Work instruction:
Starting with the line that contains "- Advanced Triple" and stopping after the line that contains "Buffet 160x40x85cm avec", copy the entries below exactly. Include nothing else.

Provided data:
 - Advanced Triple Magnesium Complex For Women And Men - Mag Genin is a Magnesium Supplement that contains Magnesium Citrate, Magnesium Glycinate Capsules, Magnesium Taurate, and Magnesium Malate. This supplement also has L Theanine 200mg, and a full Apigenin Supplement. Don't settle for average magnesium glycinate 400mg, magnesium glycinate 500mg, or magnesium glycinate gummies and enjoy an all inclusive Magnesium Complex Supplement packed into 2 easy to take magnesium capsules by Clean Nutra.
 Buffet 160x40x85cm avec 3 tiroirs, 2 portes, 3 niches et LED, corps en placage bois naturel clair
==
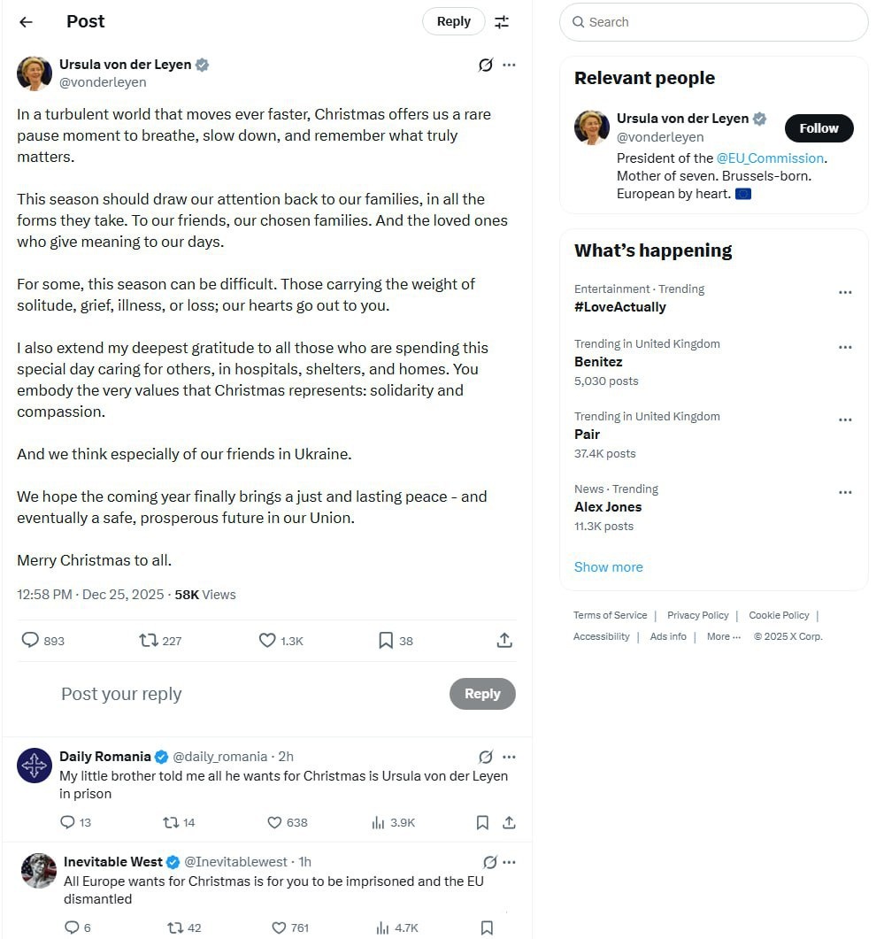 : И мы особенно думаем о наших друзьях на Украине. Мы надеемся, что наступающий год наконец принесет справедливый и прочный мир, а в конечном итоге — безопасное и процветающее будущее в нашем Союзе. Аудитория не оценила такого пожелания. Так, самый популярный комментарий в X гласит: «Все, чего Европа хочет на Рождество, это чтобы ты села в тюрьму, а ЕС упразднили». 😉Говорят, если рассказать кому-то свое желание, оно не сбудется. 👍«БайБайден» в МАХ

Written answer:
 - Advanced Triple Magnesium Complex For Women And Men - Mag Genin is a Magnesium Supplement that contains Magnesium Citrate, Magnesium Glycinate Capsules, Magnesium Taurate, and Magnesium Malate. This supplement also has L Theanine 200mg, and a full Apigenin Supplement. Don't settle for average magnesium glycinate 400mg, magnesium glycinate 500mg, or magnesium glycinate gummies and enjoy an all inclusive Magnesium Complex Supplement packed into 2 easy to take magnesium capsules by Clean Nutra.
 Buffet 160x40x85cm avec 3 tiroirs, 2 portes, 3 niches et LED, corps en placage bois naturel clair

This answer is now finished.